SUPPLIED DATA section start
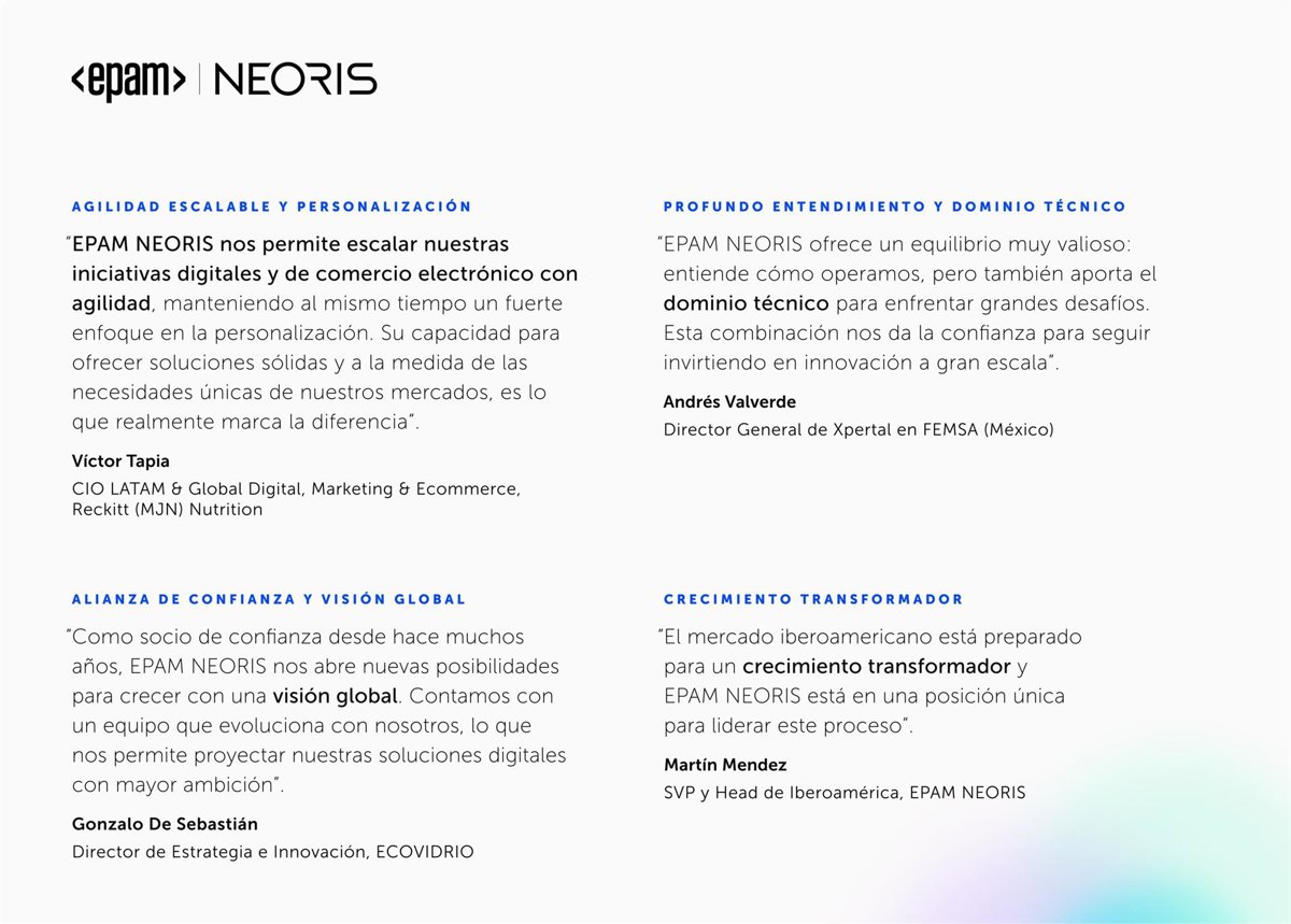 • Mentalidad centrada en el cliente y nativa en IA: EPAM NEORIS se asocia con sus clientes para cocrear soluciones, apalancadas en prácticas avanzadas de ingeniería y un ecosistema robusto de líderes tecnológicos globales estratégicos.
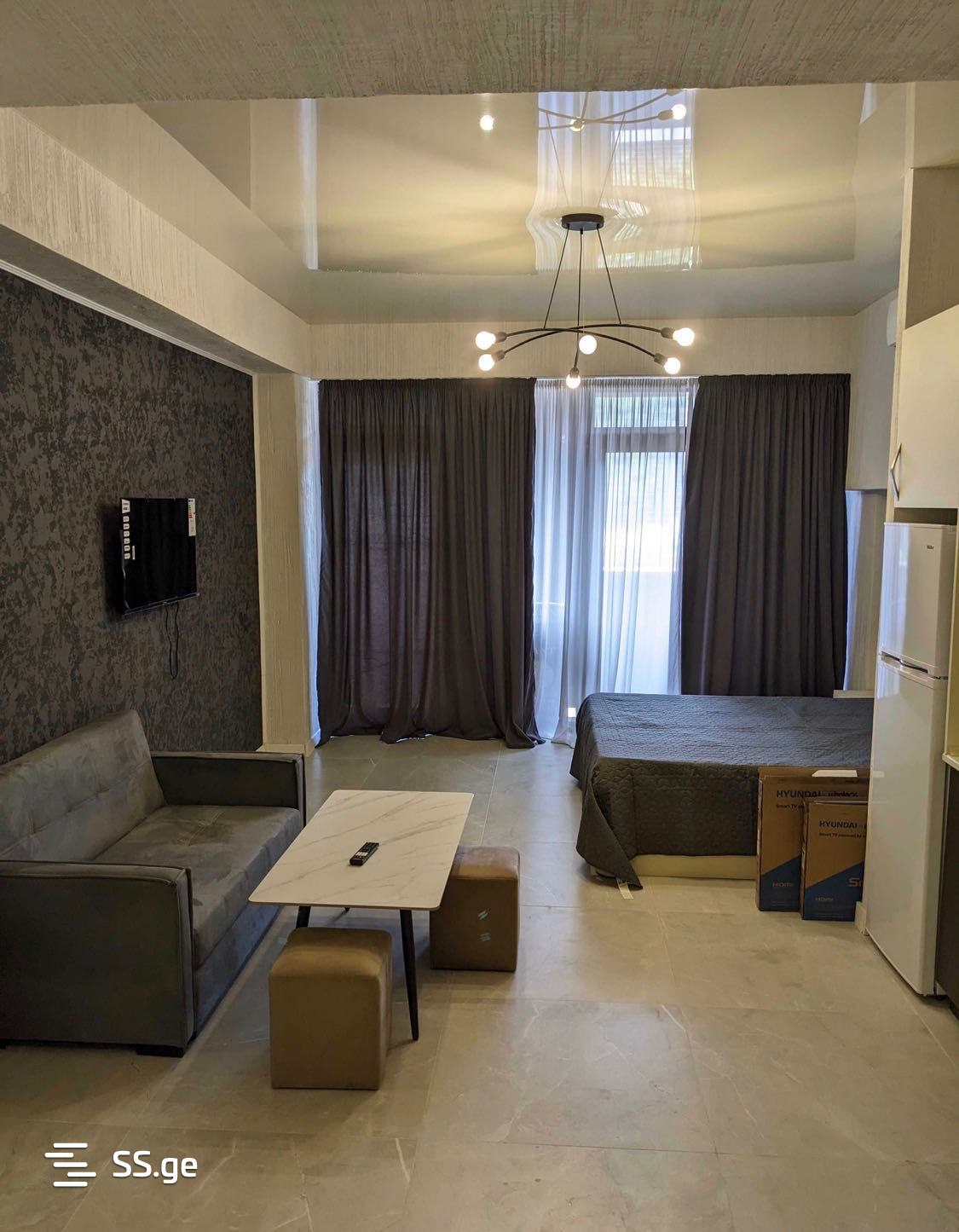 A one-room studio apartment is for rent in the premium class building of Demax on Politkovskaya Street (formerly Jikia Street). The apartment has been newly renovated and is uninhabited. The apartment has all necessary furniture and appliances.
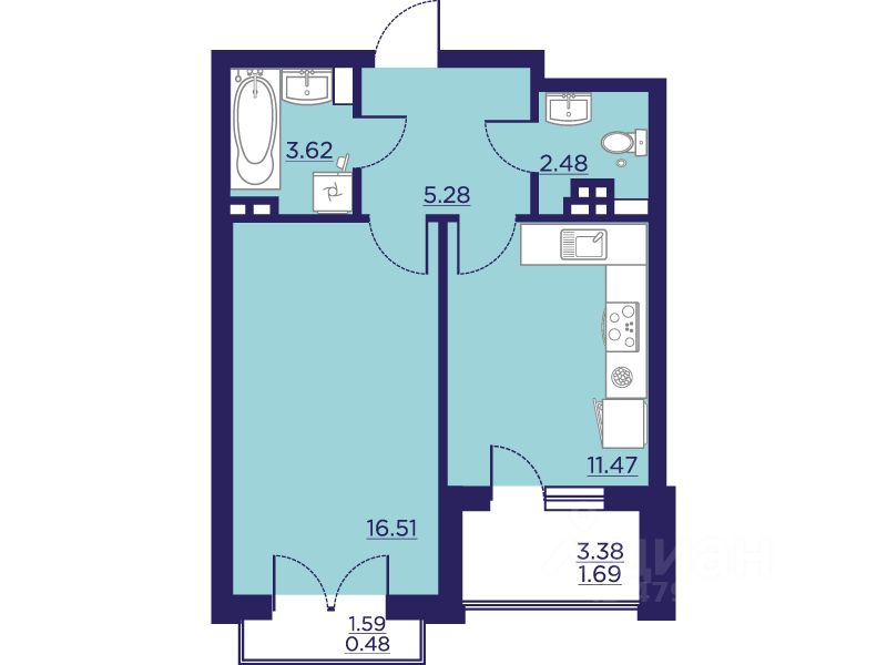 Общая площадь41,53 м2
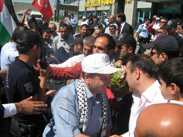 Konuşmacılar, İsrail'in vahşi saldırısında hassasiyetlerini göstererek samimi bir şekilde gönüllülere destek veren Türkiye halkına, cumhurbaşkanına, Başbakana, Dışişleri Bakanına ve halka teşekkür etmeyi de ihmal etmedikleri konuşmalarında "Gemide olmanın dışında, bize dışarıdan da destek verenlerin direnişiyle bunu başardık." Dediler. Yapılan konuşmaların ardından, karşılama gösterisi son buldu.
SUPPLIED DATA section end
▶ **TASK TO COMPLETE**:
Write out the lines of the material from the one containing "Общая площадь41,53 м2" through the last, exactly and only those. Leave every picture out.

▶ **SOLUTION FOR THIS TASK**:
 Общая площадь41,53 м2
 Konuşmacılar, İsrail'in vahşi saldırısında hassasiyetlerini göstererek samimi bir şekilde gönüllülere destek veren Türkiye halkına, cumhurbaşkanına, Başbakana, Dışişleri Bakanına ve halka teşekkür etmeyi de ihmal etmedikleri konuşmalarında "Gemide olmanın dışında, bize dışarıdan da destek verenlerin direnişiyle bunu başardık." Dediler. Yapılan konuşmaların ardından, karşılama gösterisi son buldu.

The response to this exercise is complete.